Your home to over 150,000 silly Facebook statuses! Find the perfect witty, silly, or downright funny status to share with your friends and family. Check in daily for fresh updates!
All women want is to have a relationship with an intelligent man. The only problem is, intelligent men donβt get into relationships.
Going to McDonalds for a salad is like going to a prostitute for a hug
Mrs Bieber.... WHY U NO USE CONDOM?
!f yhu T@k yk d!$, then dont talk to me.
A mouse trap, placed on top on of your alarm clock will prevent you from rolling over and going back to sleep.
There`s a word for people like you ... "leave"
The bouncer at the club calls me Kevin McAllister because I`m always going home alone
Am I the only one who thinks my body should have better things to do than make nipple hair?
It`s just adorable how the Liquor Store cashier always wishes me a good week as if I won`t be back tomorrow.
Evening news is where they begin with βGood eveningβ, and then proceed to tell you why it isnβt.
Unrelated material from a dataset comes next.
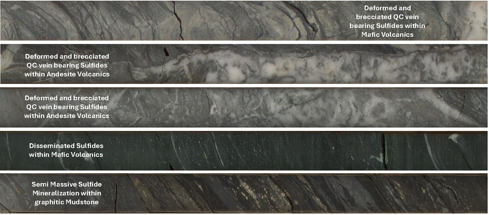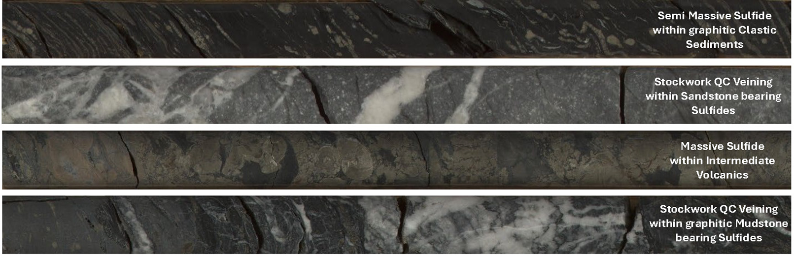 The mineralized sections of N2-25-008 was within the sheared and deformed intermediate to mafic volcanic and fine to medium grained less graphitic clastic sediments (mudstone and wake) rock formations associated with quartz and quartz carbonate veins and veinlets and the main alteration products of chloritization, sericitization, carbonatization and silicification dominantly including pyrite, arsenopyrite and less pyrrhotite mineralization in different forms of disseminated, cluster, stringer and semi massive sulfide which is dominantly are associated with veining formation process (Fig. 3).

Smiling gives you wrinkles. Resting bitch face keeps you pretty.
The push-up bra: the strangely acceptable female equivalent of a rolled up sock stuffed in men`s underwear.
I`m running out of reasons to call into work. Do you think "emergency circumcision" is a good excuse?
if your morning beverage isn`t half booze/half coffee, you`re doing Saturday wrong.
Probably the worst thing you can do to a person is leave them a voicemail.